Up­date 2009-02-12: Reader Kevin Broadey points out the best so­lu­tion so far: cre­ate a seper­ate .man­i­fest file for the af­fected files. He has pro­vided an ex­am­ple for git-up­date.​exe.​manifest.

13 thoughts on “Git and Windows Vista”

  1. You’re a lifesaver. Thank you sir. In my setup, I didn’t get the confirmation dialog at all, just a straight permission denied error whether I went through git commit or straight through git-update-index.exe

    Everything else matched your description.

  2. Glad I could help you.
    It might be that I got the confirmation dialog because I start bash in Windows XP SP2 compatibility mode. But this is just a blind guess. I will have to check one day. 😉

  3. After sharing your interest in ‘git’, reading your article and rejecting all solutions you presented, I wanted to share a solution which worked for me. Using Microsoft’s Manifest Tool, I added a manifest to git-update-index.exe which eliminated my git + UAC: ‘Permission denied’ problems.

  4. Hi,

    I just ran into this post, not sure if it’s fixed. What I did was to run cygwin on my non-OS partition (ie. D:\ or E:\) and it works for me. Vista is VERY protective of its OS partition and file operations there by “guests” are not welcomed. I didn’t need to do anything to my UAC (it’s still running), etc.

    Hope this would help someone… 🙂

  5. Hmm, maybe this was udpated in Vista with SP1? The detection of installers was revised as far as I read on the net, so this would have an effect on your observation. Being on the system partition or not should have no effect on the UAC being triggered by setup programs.

    Thanks for sharing your observation!

  6. You can create a separate git-update-index.exe.manifest file in your /usr/sbin/git-core directory rather than messing with the Microsoft Manifest tool. The file below works for me. You will need to create similar files for git-update-index.exe and git-update-server-info.exe too.

    Don’t assume I have god-like powers – I found this solution elsewhere on the internet (okay, Google found it for me!)

    The important bit is setting requestedExecutionLevel level=”asInvoker” which side-steps Vista’s automatic installer detection heuristics.

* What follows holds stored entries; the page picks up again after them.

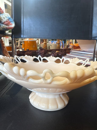 Vintage,Westmoreland milk glass, footed bowl with petal design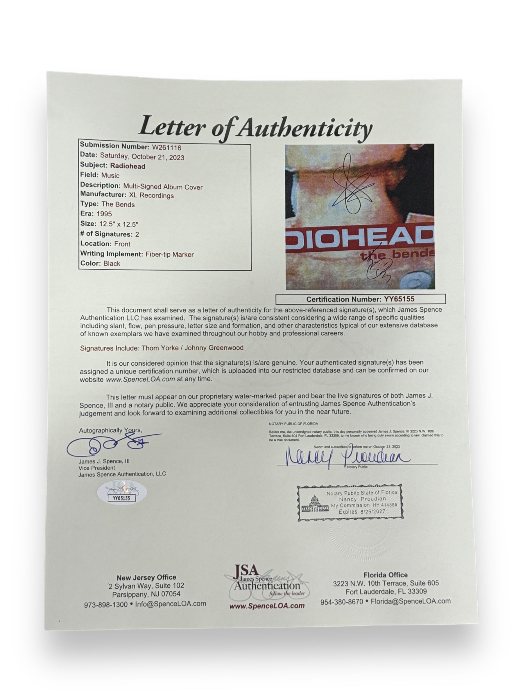 Disco Lp autografiado por los integrantes del grupo radiohead, Thom Yorke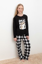Стильный хлопковый комплект для дома подарит тебе уют и комфорт! Футболка базовой конструкции с эластичной горловиной и тематичным принтом. Набивные брюки с эластичными манжетами, резинка по поясу для комфортной посадки.Уют и комфорт на каждый день!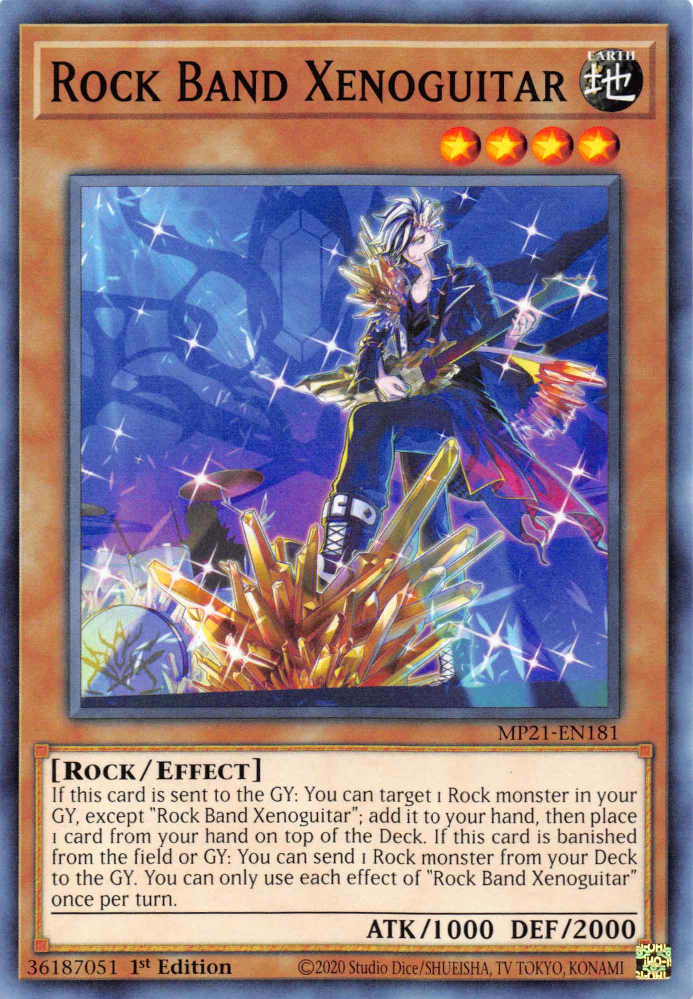 If this card is sent to the GY: You can target 1 Rock monster in your GY, except "Rock Band Xenoguitar"; add it to your hand, then place 1 card from your hand on top of the Deck. If this card is banished from the field or GY: You can send 1 Rock monster from your Deck to the GY. You can only use each effect of "Rock Band Xenoguitar" once per turn.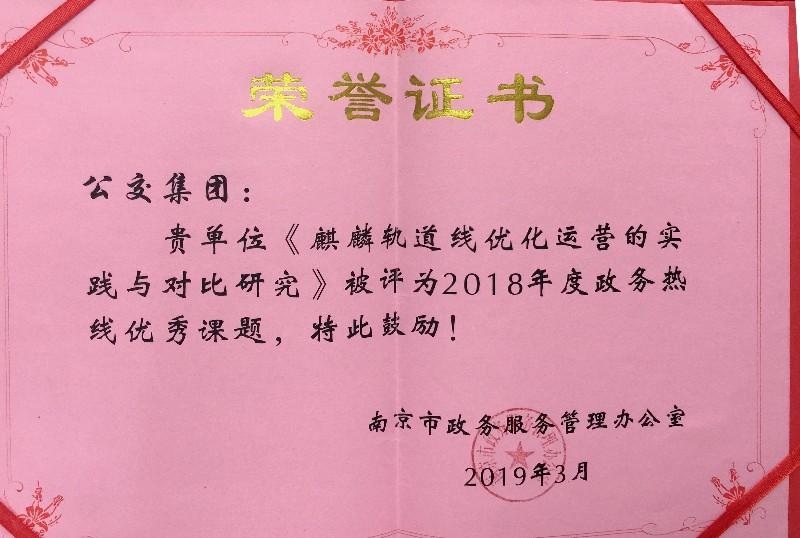 2019年6月28日,南京公交集團(tuán)捧回2018年度市12345政務(wù)熱線工作先進(jìn)單位獎(jiǎng)牌,《麒麟軌道線優(yōu)化運(yùn)營(yíng)的實(shí)踐與對(duì)比研究》榮獲了南京市政務(wù)辦唯一一個(gè)優(yōu)秀課題獎(jiǎng)。

    Here’s an article about installer detection – http://msdn.microsoft.com/en-us/library/bb756960.aspx

    And here’s a link to the XML manifest format – http://msdn.microsoft.com/en-us/library/bb756929.aspx

  7. Just an FYI for anyone that runs into this: if you create the .manifest and still get “permission denied” or “This operation requires elevation” when running the cygwin executable, “touch” the executable to change its modification date. It seems the executable’s .manifest (or lack thereof) gets cached– even across a reboot for me.